Дима, преисполненный чувством собственного достоинства, вышел во двор перекрыть воду, потом вернулся, взял инструменты и начал возиться в ванной, а Яна тем временем стала спокойно объяснять девочке правила игры.

Закончив, Дима позвал Яну принять работу. Они с Шемеш зашли в ванную. Дима открыл кран и продемонстрировал его во всех положениях.

— Ну? Я молодец? Что я заслужил?

— Да, молодец, спасибо! — сказала Яна и поцеловала его в подставленную щеку.

Шемеш немного смутилась от этого, но сказала:

— Папочка, я тебя люблю.

Из салона донеслась мелодия Диминого телефона.

— Нет, мы ещё у Яны, — ответил он, — хорошо, я скоро её привезу, — и уже обращаясь к Шемеш:

— Мама сказала, что вы должны идти в гости к бабушке с дедушкой, надо ехать домой.

Девочка восприняла это совершенно спокойно: надо, так надо.
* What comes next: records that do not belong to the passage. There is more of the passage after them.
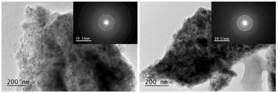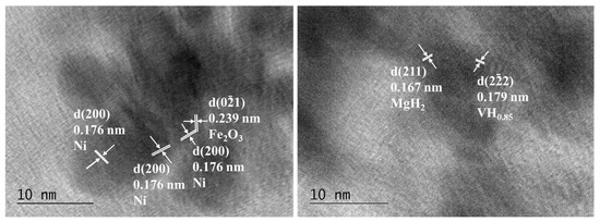 The particles have an irregular shape and are overlapping. Some nanocrystalline areas are observed (Figure 6). The SAED patterns after 50 h of ball milling in Figure 6 are associated with the metals Mg, Ni, Fe, Al, and V. All patterns observed after hydrogenation by SAED in Figure 6 on the right belong to MgH2. In the HTREM image for the 50 h ball-milled sample, the interplanar distance of the lattice fringes of 0.176 nm belongs to the (200) planes of Ni. Another lattice fringe is that of Fe2O3 d (021) = 0.179 nm (Figure 7 left). The right HTREM image in Figure 7 is for the alloy after hydrogenation, and the lattice fringes of 0.167 nm belong to (211) of MgH2 and d (222) = 0.179 nm of VHx. In other obtained SAED results for the alloy after hydrogenation, the patterns of AlFe0.23Ni0.77 alloy and MgO are also observed.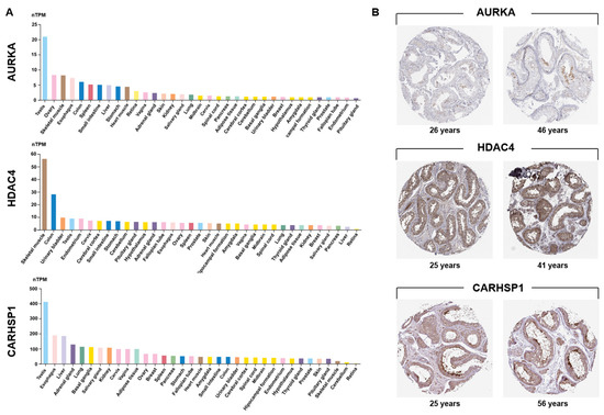 AURKA, HDAC4 and CARHSP1 were identified in our previous whole genome sequencing study as differentially methylated and differentially expressed genes in high-quality (score 6) vs. low-quality (score 0) spermatozoa [19], suggesting a potential involvement in male fertility (GO analysis). Integrative transcriptomic and proteomic analyses consistently predicted that these three genes are strong candidate biomarkers of testis function. Transcriptome profiling using data from the GTEx database confirmed that their expression was enriched in testis compared with most other organs (Figure 1A). AURKA was strongly expressed in testis, and at moderate levels in hematopoietic and lymphoid tissues, consistent with a specialized role in meiotic progression. CARHSP1 displayed a striking testis-specific enrichment, underscoring its potential as a germ cell–specific regulator. HDAC4 also was expressed in testis, albeit at lower levels than in skeletal muscle. However, its expression in different tissues of the reproductive system suggested regulatory functions in germ cells and somatic cells. Immunohistochemistry data from the Human Protein Atlas confirmed their distinct localization within the seminiferous tubules (Figure 1B).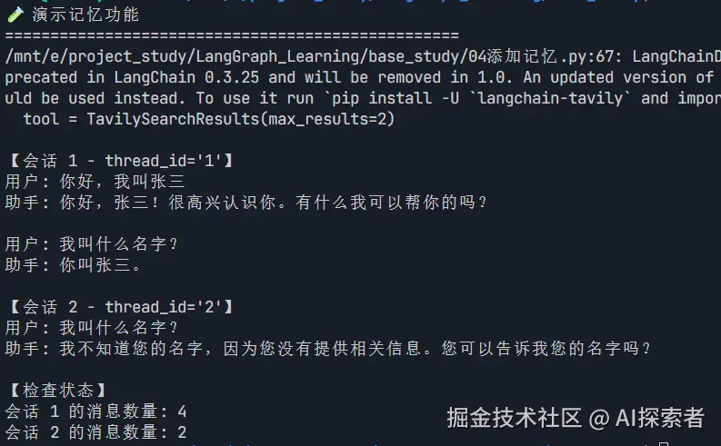 展示同一个 thread_id 能记住上下文,不同 thread_id 无法共享记忆。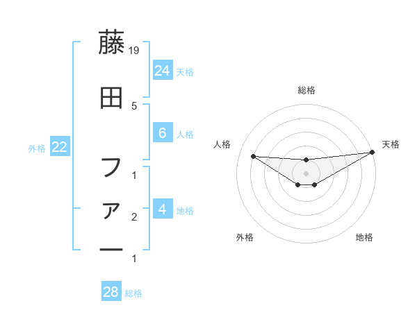 藤田 ファーさんを姓名の画数から五運を鑑定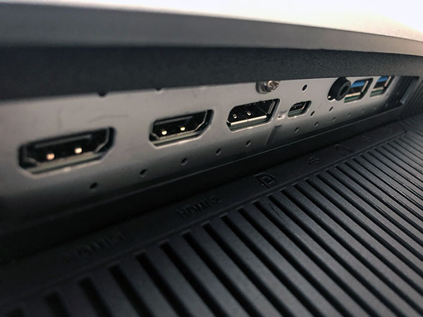 Sul retro sono raccolte le porte di collegamento: troviamo una porta USB-C con Power Delivery fino a 90W, due porte USB, due porte HDMI 2.0 e un porta DisplayPort e un connettore minijack per cuffie o altoparlanti esterni (il monitor integra comunque due speaker da 1,2W che, a meno di esigenze specifiche, non rendono necessario l’impiego di altoparlanti). L’alimentatore è integrato.
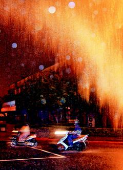 台北昨晚下起倾盆大雨,雨水跟倒的一样,桃园以北民众严阵以待。(图片来源:台湾《联合报》)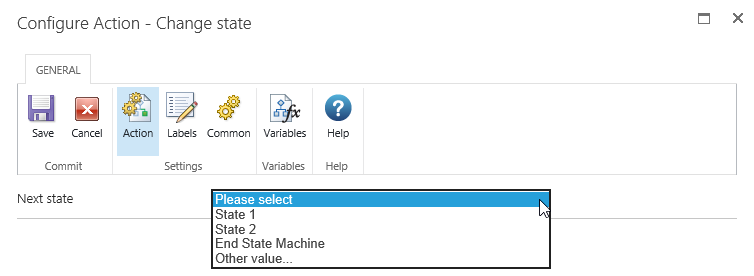 If the state named in the Change state action does not exist in the state machine, then the following workflow error occurs: "Selected value '[name]' is not recognized as a known state value."

Яна одела Шемеш её новую ажурную шляпку, дала веер. В искреннем детском порыве девочка обняла её и сказала:

— Яна, ты такая хогошая!

Яна поцеловала её в душистую макушку, обняла и сказала:

— Ты — прелесть, Рыжуля! Приходи ещё, поиграем.

Она открыла дверь перед гостями и, прощаясь, Дима тихо, почти одними губами, сказал:

— Я вернусь, да?

Яна кивнула. Когда гости ушли, она начала раскладывать по местам посуду. Мысли метались между тем, что сейчас было и тем, что сейчас будет: «Какой он человек? Какой он мужчина? Какое производит впечатление? Очень интересный внешне, стройный, подтянутый, аккуратный, со вкусом одевается, с красивой, уверенной пружинистой походкой, с красивым голосом (слегка выдвинутая вперед нижняя челюсть придавала голосу приятные басы), с нежными руками… При этом зануда и моралист, считающий себя всегда и везде правым. Самоуверен и при этом безумно нуждающийся в ком-то для поддержки. Бесприданник и жлоб с искаженными ценностями, из-за которых не может найти работу. Любит дочку и при этом плохо к ней относится. И дочка его очень любит». Закончив с посудой, Яна пошла в душ. Она постаралась расслабиться, стоя под теплыми струями и, закрыв глаза, вспоминала их первый вечер у моря. Потихоньку неприятные моменты сегодняшнего дня растворялись в будоражащих воспоминаниях тела. То ли она растянула это удовольствие, то ли Дима так быстро вернулся (а он почти бежал на обратном пути), но звонок в дверь раздался, когда по многолетней привычке она намазывала себя душистым кремом для тела. Яна обмоталась большим банным полотенцем и подошла к двери. Увидев в дверной глазок, что это Дима, открыла. Он ждал этого момента давно, поэтому всё произошло, как в эротическом фильме: страстно и быстро. За поцелуями и прикосновениями нежных рук последовало то, что можно описать так: если у тебя есть комплект беличьих кисточек, это ещё не значит, что ты — великий художник. Но моя героиня была женщиной более эмоциональной, чем чувственной, поэтому впечатлилась ярким порывом, напором и пренебрегла полным отсутствием гармоничности. Немного отдохнув, Дима сказал:

— Шемеш от вас с Даной в восторге. Она всю дорогу говорила о вас и потом рассказывала Рае. А Дане Шемеш понравилась?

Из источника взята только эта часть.